In some embodiments, the software program is an MHC ligand binding prediction software program. Examples of MHC ligand binding prediction software programs include, but are not limited to, NetMHCpan 4.0, MHCflurry, SYFPEITHI, IEDB MHC-I binding predictions, RANKPEP, PREDEP, and BIMAS. In some embodiments, the software program is NetMHCpan 4.0. In some embodiments, the software program uses artificial neural networks (ANNs) to predict the likelihood of the protein sequence being an HLA ligand or the binding of the protein sequence to one or more HLA proteins. In some embodiments, the HLA is selected from HLA-A, HLA-B, HLA-C, and HLA-E. In some embodiments, the protein sequence is identified as an HLA ligand when the predicted absolute affinity to an HLA is less than or equal to 10000; 9500; 9000; 8500; 8000; 7500; 7000; 6500; 6000; 5500; 5000; 4500; 4000; 3500; 3000; 2500; 2000; 1500; 1000; 900; 800; 700; 600; or 500 nM. In some embodiments, the protein sequence is identified as an HLA ligand when the predicted absolute affinity to an HLA is less than or equal to 2000 nM. In some embodiments, the protein sequence is identified as an HLA ligand when the predicted absolute affinity to an HLA is less than or equal to 1000 nM. In some embodiments, the protein sequence is identified as an HLA ligand when the predicted absolute affinity to an HLA is less than or equal to 500 nM. In some embodiments, the protein sequence is identified as an HLA ligand when the predicted % rank for an HLA is less than or equal to 6%, 5.5%, 5%, 4.5%, 4%, 3.75%, 3.5%, 3.25%, 3%, 2.75%, 2.5%, 2.25%, 2%, 1.75%, 1.5%, 1.25%, 1%, 0.9%, 0.8%, 0.7%, 0.6%, or 0.5%. In some embodiments, the protein sequence is identified as an HLA ligand when the predicted % rank for an HLA is less than or equal to 5%. In some embodiments, the protein sequence is identified as an HLA ligand when the predicted % rank for an HLA is less than or equal to 4%. In some embodiments, the protein sequence is identified as an HLA ligand when the predicted % rank for an HLA is less than or equal to 2.5%.

In some embodiments, comparing the amino acid sequence of the epitope to the amino acid sequence of one or more HLA ligands comprises conducting a sequence alignment of the amino acid sequences.

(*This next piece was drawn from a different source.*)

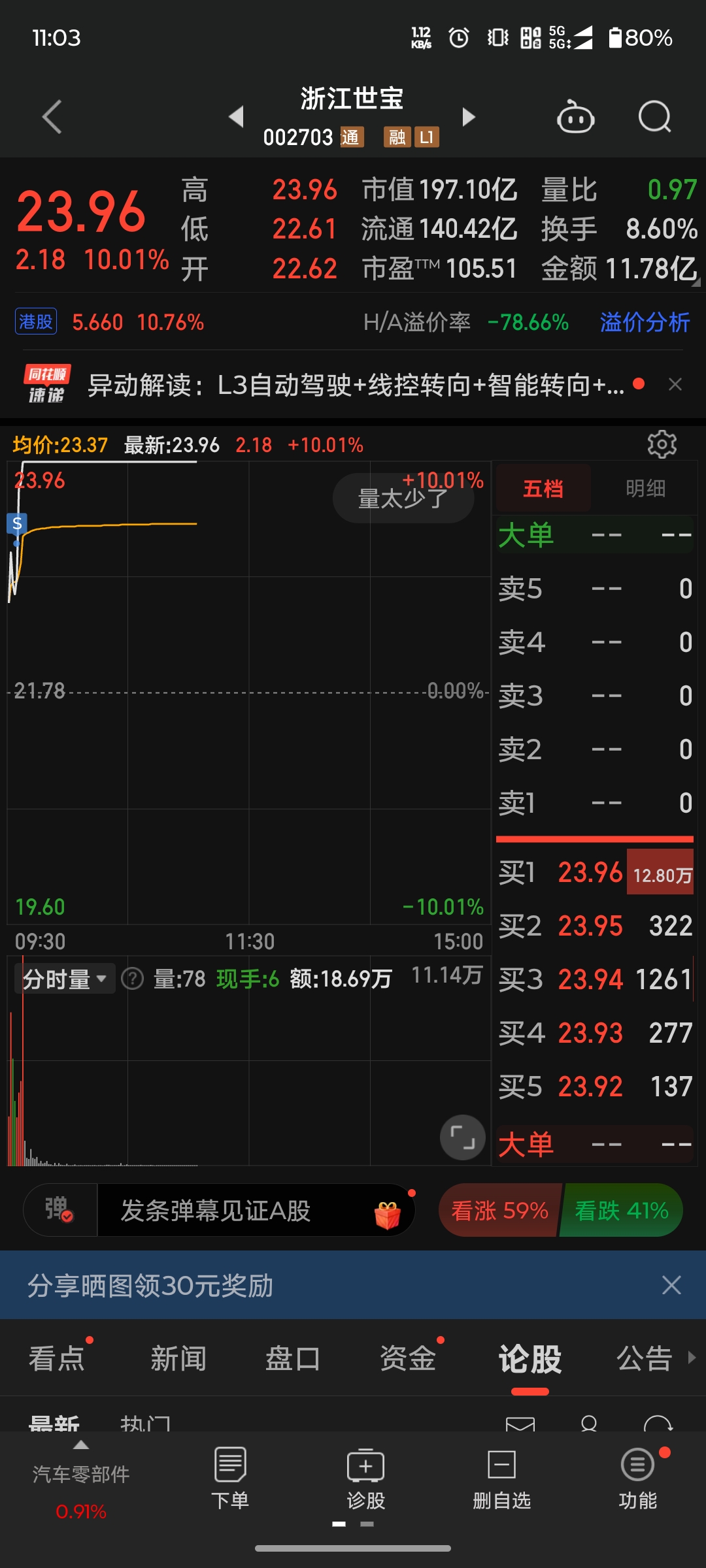 $浙江世宝(SZ002703)$ 昨天打板的,老是炸来炸去,今天就这么强势,涨停了就不给机会,本来想着做个t的,直接卖飞了,换了个杂毛股,虽然也涨停了,但总感觉没啥意思

In some embodiments, identifying an HLA-LM further comprises determining a match score for a T cell receptor (TCR) recognition area that is located within the aligned sequence between the epitope and the HLA ligand. The TCR recognition area may comprise a region of at least 1, 2, 3, 4, 5, 6, 7, 8, 9, or 10 amino acids. The TCR recognition area may comprise a region of 4 amino acids. The TCR recognition area may comprise a region of 5 amino acids. The TCR recognition area may comprise a region of 6 amino acids. The TCR recognition area may comprise a region of 7 amino acids. The TCR recognition area may comprise a region of 8 amino acids. In some embodiments, the TCR recognition area comprises consecutive amino acid residues within the epitope. In some embodiments, the TCR recognition area comprises non-consecutive amino acid residues within the epitope. In some embodiments, the TCR recognition area comprises consecutive amino acid residues within the HLA ligand. In some embodiments, the TCR recognition area comprises non-consecutive amino acid residues within the HLA ligand.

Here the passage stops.